The code for both the library and the executable is in the same directory. When compiling the executable, GHC does not look in the HaRe library it just built, but instead thinks that the code in src/ is part of the executable and compiles it again from scratch.

The compilation time of the package can be halved by moving the library or the executable in separate directories.

alanz commented 7 years ago

This time can also be halved by adding HaRe as a dependency to the exe.

The problem is that then HaRe cannot refactor itself, in the sense that if something is renamed in the main library code it will not be renamed in the tests at the same time.

The correct solution is to manage the calculation of the module graph to include the lib dependencies on all the assorted test and exe portions too.

Lysxia commented 7 years ago

This time can also be halved by adding HaRe as a dependency to the exe.

Isn't it already?

I hadn't thought about HaRe refactoring itself, what you say makes sense.

alanz commented 7 years ago

Hmm. Good point. Will have to check why it builds twice then. You can see the leftover commented dependencies for the tests for when it is not included as a library.

Lysxia commented 7 years ago

The reason is what I was trying to explain. To build the executable, which imports Language.Haskell.Refact.HaRe for instance, the compiler currently finds the file Language/Haskell/Refact/HaRe.hs under the same directory, and compiles it as an independent module not part of any library. On the other hand, if the executable were in a separate directory, it would find no file matching the module name it is looking for, then search in the visible libraries, and use the already compiled module (as it should).

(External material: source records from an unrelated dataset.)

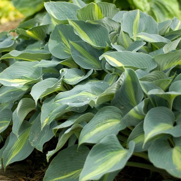 Buy Touch of Class Hosta online. Touch of Class Hosta features bluish-green leaves with yellow to chartreuse centers to each leaf. These leaves are thick, and therefore have great slug resistance. Lavender flowers rise above the variegated leaves that also attract lots of bees! It makes a nice midsize clump in any shade garden.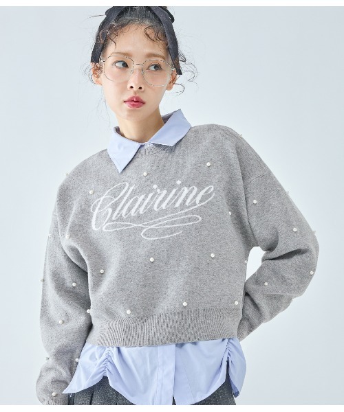 昨年も人気だったメッセージロゴとパールが特徴的なニットトップス。ゆったりしたシルエットでスウェットのように着やすいデザインでありながら、カジュアル過ぎずに着こなせるアイテム。袖と前身頃にパールが散りばめられたデザイン。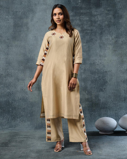 Pure Cotton Silk Hand Work Phulkari Pant - Hazelnut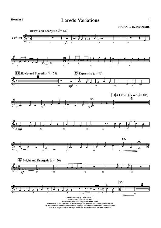 "Laredo Variations - Horn in F" Sheet Music by Richard Summers

alanz commented 7 years ago

ok, that makes sense.

On Sun, Oct 23, 2016 at 8:25 PM, Xia Li-yao notifications@github.com wrote:

The reason is what I was trying to explain. To build the executable, which imports Language.Haskell.Refact.HaRe for instance, the compiler currently finds the file Language/Haskell/Refact/HaRe.hs under the same directory, and compiles it as an independent module not part of any library. On the other hand, if the executable were in a separate directory, it would find no file matching the module name it is looking for, then search in the visible libraries, and use the already compiled module (as it should).